Latest revision as of 09:00, 27 September 2008

Separation for Cylindrical Coordinates

We now separate variables, noting that since the problem has circular symmetry we can write the potential as

[math]\displaystyle{ \phi(r,\theta,z)=\frac{\cos k(z+h)}{\cos kh}\sum_{n=-\infty}^{\infty}\rho_{n}(r)e^{i n \theta} }[/math]
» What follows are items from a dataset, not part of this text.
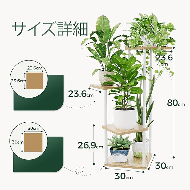 コンパクト空間に最適:全体幅縦47cm×横47cm×高さ106.7cmの5段植木鉢スタンドは、壁隅やキャビネット横にスムーズに配置可能なコンパクトデザイン。多層構造により植物の収容量を最大化し、狭い空間でも緑豊かなインテリアを実現します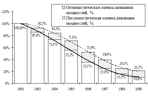Динамика безвозвратных потерь потенциала производственной базы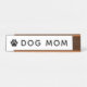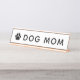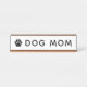 A fun Dog Mom desk name plate featuring bold modern typography with a paw print accent on a clean white background. All text and colors are fully editable — change Dog Mom to Cat Mom or any pet title. A playful Mother's Day, birthday, or just-because gift for the pet lover at the office.
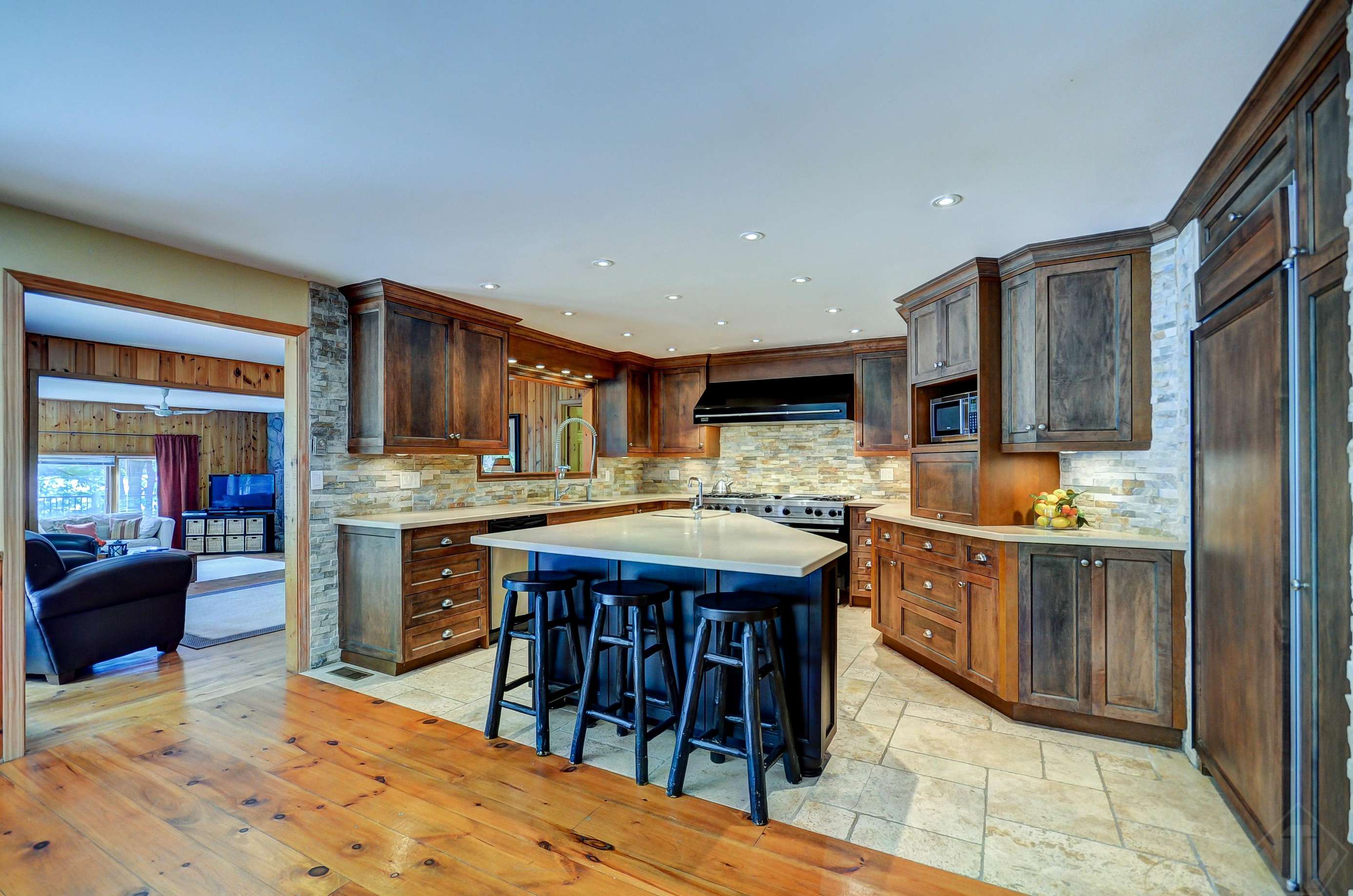 Cottage boasts a total of 9bdrms & 5bath, a boathouse, a gourmet kitchen, 2 fireplaces and a traditional Muskoka Room. Steps away from cottage is a sandy beach with shallow water and a lakeside Gazebo- large lot & level land perfect for families!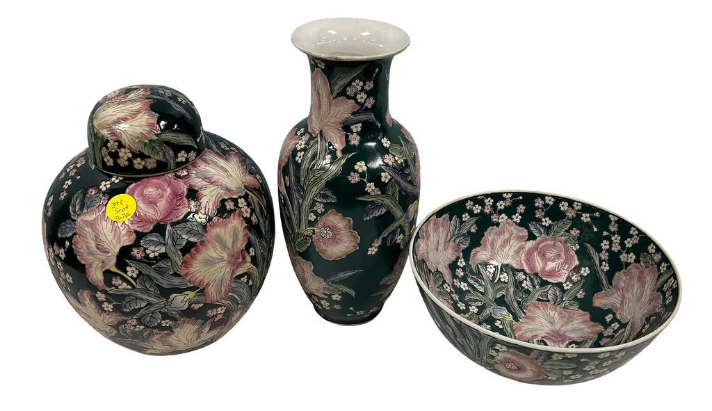 Chinese Modern Painted Flower Vases and Bowl, Location Front Shelves Chinese Modern Painted Flower Vases and Bowl, Location Front Shelves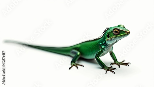 A vibrant green lizard with striking features, showcasing its intricate scales and curious expression against a white background.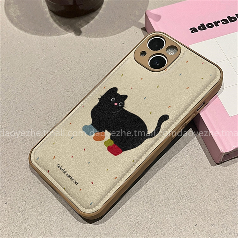 秋冬皮纹泼墨猫咪适用于小米17promax手机壳k80/15皮质note14/K70e新款K60可爱红米K50女13防摔K40全包高级感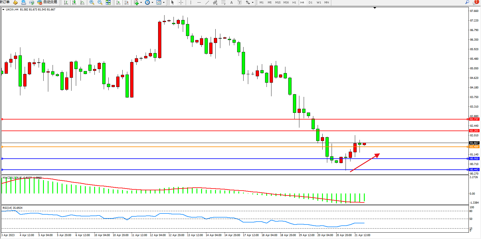 交易策略:81.489上方看涨,目标82.203 82.737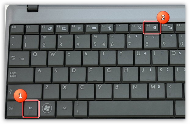 Si l'ordinateur a Bluetooth intégré, le clavier doit avoir un bouton correspondant pour l'allumer. En règle générale, une icône sous la forme de la lettre «c» est dessinée dessus. Cette touche active la fonction, et après l'avoir appuyée, elle doit s'allumer s'il y a de la lumière dedans. En témoigne une petite icône en bas à droite près du Wi-Fi.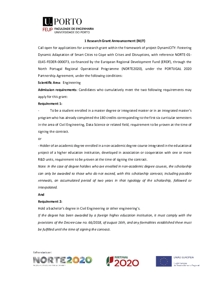 1ResearchGrantAnnouncement(M/F) CallopenforapplicationsforaresearchgrantwithintheframeworkofprojectDynamiCITY:Fostering DynamicAdaptationofSmartCitiestoCopewithCrisesandDisruptions,withreferenceNORTE01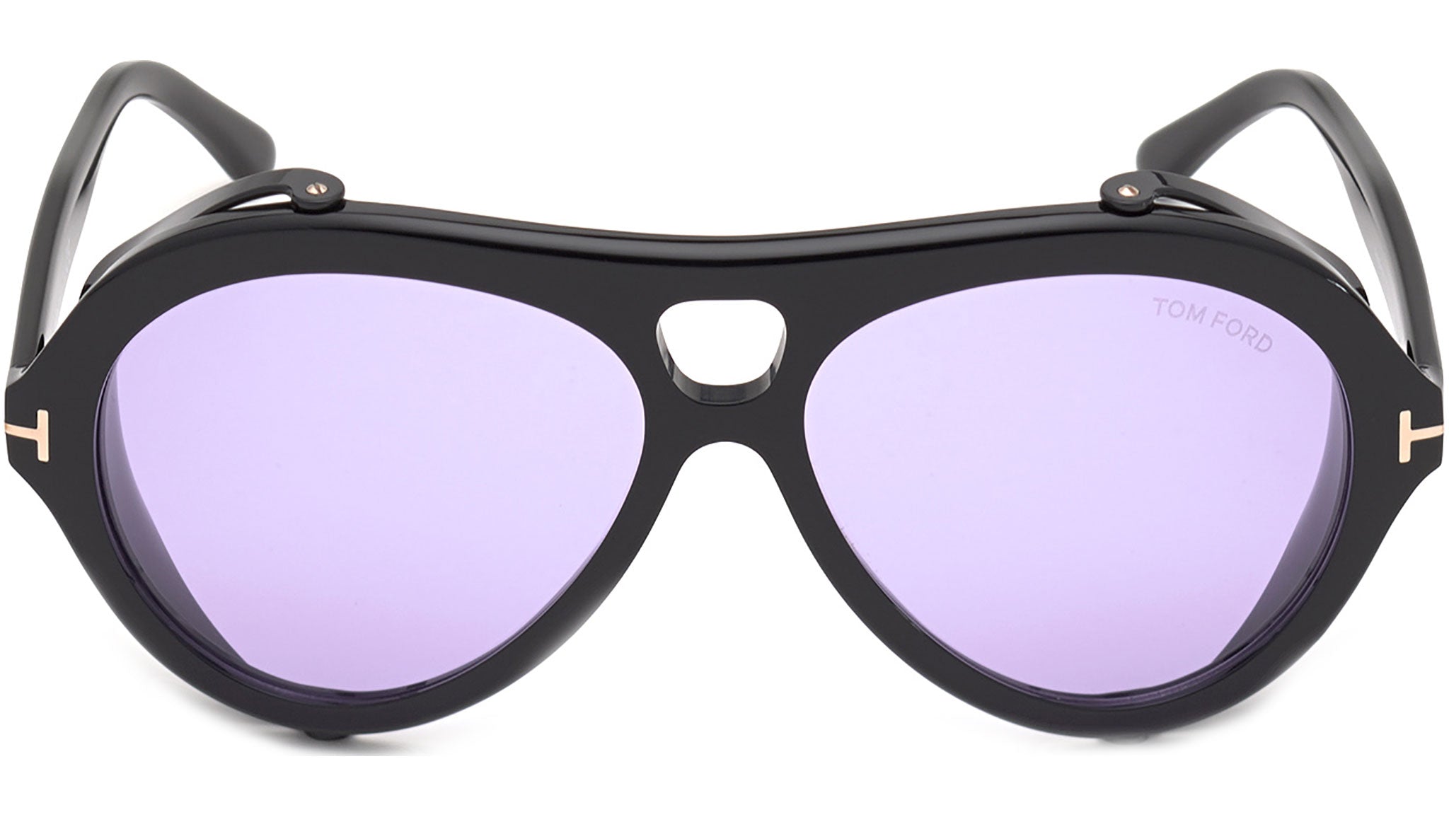 Tom Ford Neughman sunglasses code FT0882 01Y with shiny black frame and purple lenses.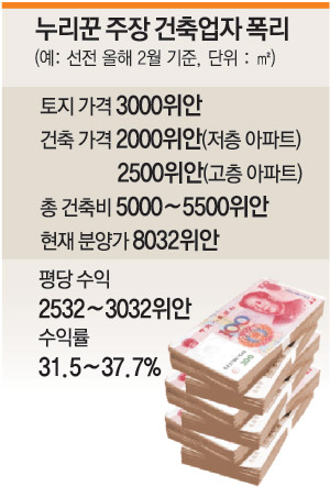 중국은 수요와 공급에 따라 분양가가 책정되는 게 아니라 건축업자와 분양업자가 일방적으로 결정한다. 그래서 아파트 분양가는 매년 10∼20%씩 마구 오른다.

We now solve for the function [math]\displaystyle{ \rho_{n}(r) }[/math]. Using Laplace's equation in polar coordinates we obtain

[math]\displaystyle{ \frac{\mathrm{d}^{2}\rho_{n}}{\mathrm{d}r^{2}}+\frac{1}{r} \frac{\mathrm{d}\rho_{n}}{\mathrm{d}r}-\left( \frac{n^{2}}{r^{2}}+k^{2}\right) \rho_{n}=0. }[/math]

We can convert this equation to the standard form by substituting [math]\displaystyle{ y=k r }[/math] (provided that [math]\displaystyle{ \mu\neq 0 }[/math]to obtain

[math]\displaystyle{ y^{2}\frac{\mathrm{d}^{2}\rho_{n}}{\mathrm{d}y^{2}}+y\frac{\mathrm{d}\rho_{n} }{\rm{d}y}-(n^{2}+y^{2})\rho_{n}=0 }[/math]

The solution of this equation is a linear combination of the modified Bessel functions of order [math]\displaystyle{ n }[/math], [math]\displaystyle{ I_{n}(y) }[/math] and [math]\displaystyle{ K_{n}(y) }[/math] (Abramowitz and Stegun 1964).

Therefore

[math]\displaystyle{ \rho_n(r) = C_1 I_{n}(kr) + C_2 K_{n}(kr)\, }[/math]

for some constants [math]\displaystyle{ C_1 }[/math] and [math]\displaystyle{ C_2 }[/math]